How to Perform Simple Operations

Before we dive deep into the intricacies of performing vectorized operations with NumPy, let's first go over some simpler operations. It is nonsensical to talk about stuff such as calculating the standard deviation of the elements inside an array before we cover the basics such as how to add a single element to an array, how to add a list to an array, and how to add one array to another, etc.

To add elements to an array, we use the append() function from NumPy. This function takes in a maximum of three arguments, where the first two are mandatory and the third argument is optional. The first argument we input is the original array, to which we want to add some element(s). The second argument is the element(s) we want to add to the original array. The third optional argument defines the axis we want to use when adding elements.

Let's demonstrate how the function works on a simple example: we will create an array called nums and add the integer 6 to it.

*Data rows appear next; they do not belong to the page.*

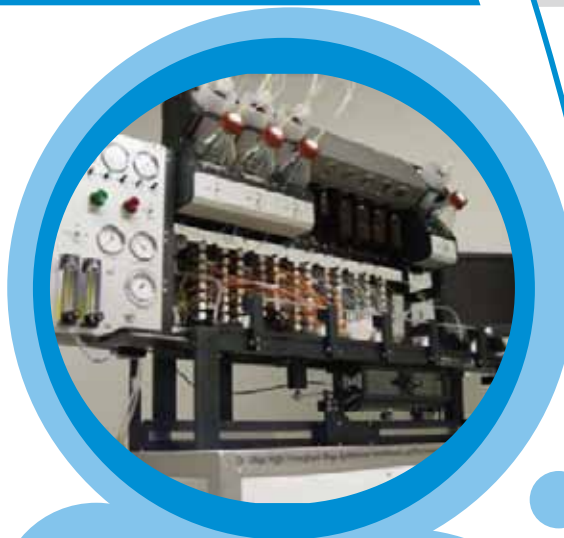
Dr. Oligo 192 DNA Synthesizer For high throughput oligonucleotide synthesis
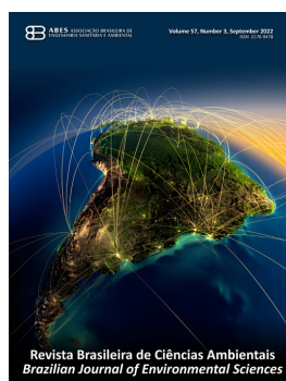
ABES BRASIL BRAZILIAN ENVIRONMENTAL SCIENCES MAGAZINE
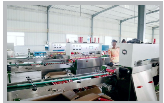
GOLDEN DREAM COMMODITIES FZE: Manufactures baby diapers and insecticide for both local and export market.
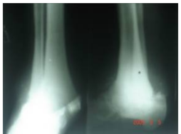
Figure 1: radiograph (anteroposterior view) showing sclerotic calcaneal bone lesion with cortical destruction and irregular border.

swelling involving the left ankle joint and foot. The swelling was tender and the mobility at the joint was restricted. The overlying skin was normal. The results of hematological and biochemical investigations revealed a normal hemogram. Serum levels of alkaline phosphatase (ALK) and lactate dehydrogenase (LDH), which are elevated in bone destruction and metastasis, were in normal range. Liver and renal function tests were normal as well. A plain chest radiography showed no abnormality. Radiography of the left heel showed sunburst appearance with dense sclerotic lesion in calcaneus associated with cortical bone destruction and extraosseous expansion laterally, which are typical radiographic features of primary osteolytic bone tumor (figures 1,2). Adjacent bones were apparently normal. Calcaneal CT scan showed a large osteolytic lesion. Radionuclide bone scan was negative for any skip lesion.
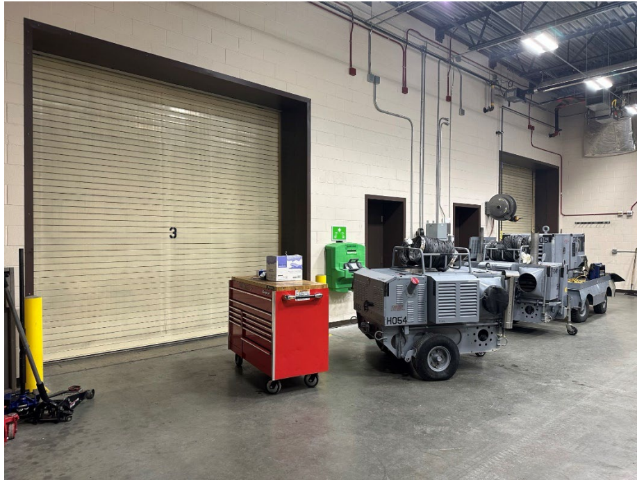
Figure 1 - Temporary EWS # 1
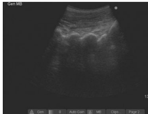
Fig. 1 A long-axis view of the articular processes (AP), about 2-cm lateral to the median. A hyperechoic area in the sacral foramina (SF) is observed
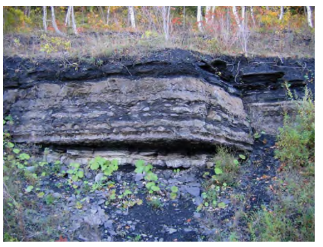
Exposure of the Marcellus shale in central New York showing the Cherry Valley limestone (grey-colored rock) between the Union Springs and Oatka Creek shales of the Marcellus.
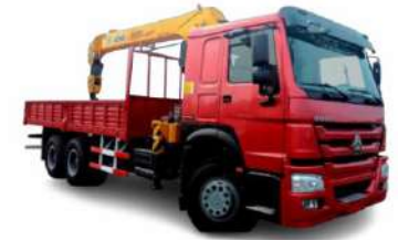
Truck-mounted Crane Max Lifting Weight: 3–16 Tons
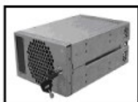
Fig.10a for CKDF

8. Push the handle towards the carrier until it click to completely secure the position of carrier. (Fig.9)
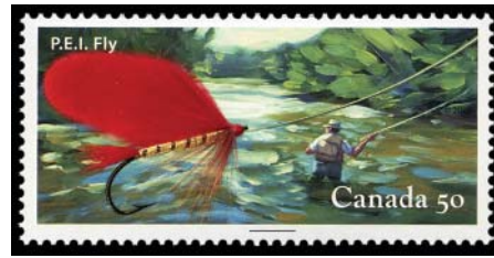
2087c P.E.I. Fly, for Brook Trout
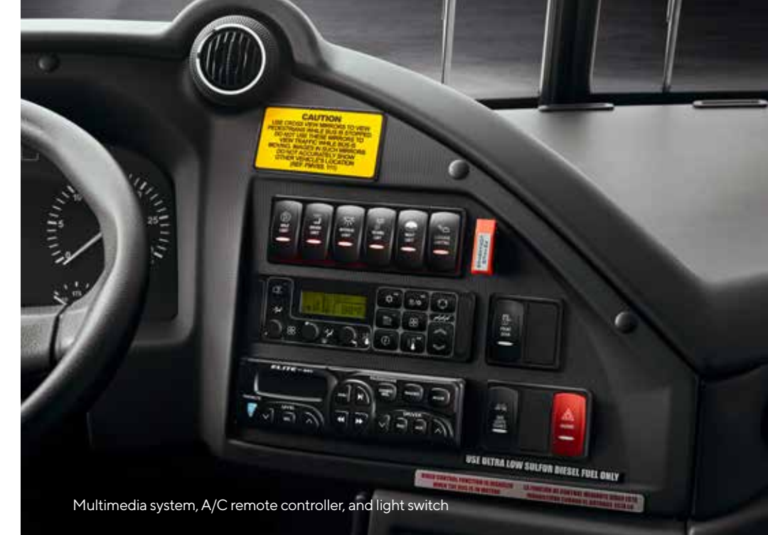
Multimedia system, A/C remote controller, and light switch
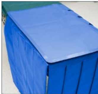
imagiQ2 radiation shield Tailored and easy to fit protection against scattered radiation with lead rubber (0.5 Pb) material. Not available in the US.
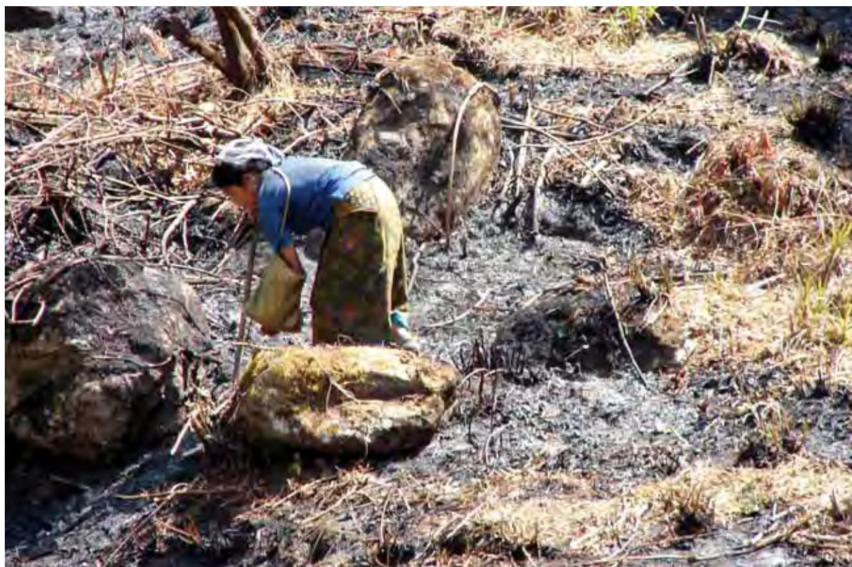
Figure 4 : Sowing of maize by dibbling

Soil erosion and land degradation were reported to be a problem, especially in Langluwa and some parts of Yasang, but the farmers had not yet found adequate conservation measures. Studying the amount of soil loss was not possible within the scope of this study, so it is unclear whether it is within or beyond acceptable levels. Normally, the soil loss is very high right after slashing and burning, due to the thick forest soil being exposed to the rain and wind. However, a vegetation cover is re-established and maintained soon after, mitigating this hazard. After the cropping phase, there is hardly any erosion for the duration of the fallow phase. In fact, in the villages studied,
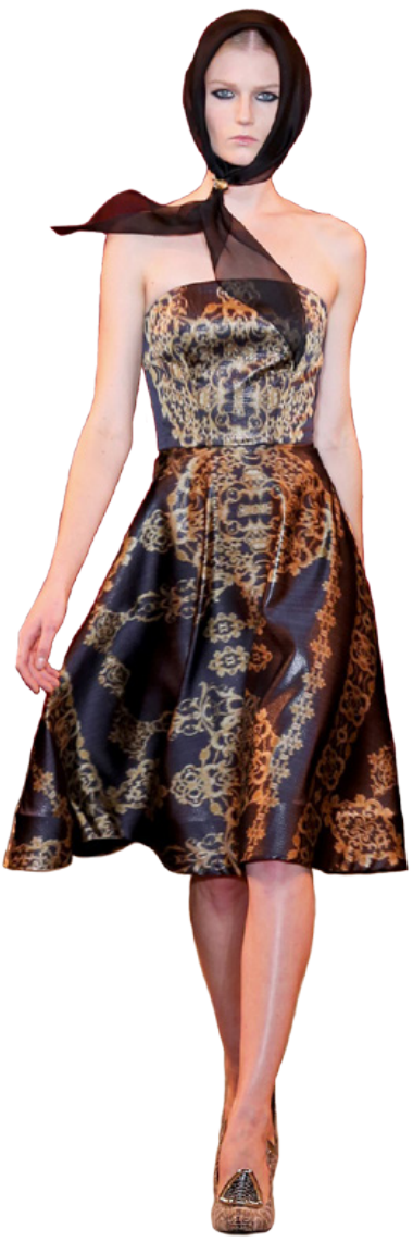
Gold Floral Dress Fabric: printed silk crepe $198

We will store the new array with the added element into a new array called nums_2.

# Create the original array
nums = np.array([1, 2, 3, 4, 5])

# Add the integer 6 to the original array
# and store the result in a new array
nums_2 = np.append(nums, 6)

The result of the previous operations, the array nums_2, will be a one-dimensional ndarray that will contain the integers 1, 2, 3, 4, 5, and 6. So as you can see, adding a single element is pretty easy. 

Adding a list to a one-dimensional array is achieved using pretty much the same syntax:

# Create the original array
nums = np.array([1, 2, 3, 4, 5])

# Add the integer 6 to the original array
# and store the result in a new array
nums_2 = np.append(nums, [6, 7, 8, 9, 10])

Once we start working with arrays that have more than one dimension, things start to get a bit tricky. At this point, we are basically talking about appending arrays to arrays. The fact that we are appending one array to another one means that we must be very careful about the dimensions of the two arrays.  The arrays need to have the same dimensions for the operations to work properly. And not only that, there is actually one additional thing to keep in mind. The default behavior of NumPy, when we try to add one array to another using append(), is to flatten the two arrays and create a one-dimensional array as a result. Therefore when adding one array to another, it is also a good idea to specify the axis to which we want to append the values to make sure the final array has the form we want it to have. 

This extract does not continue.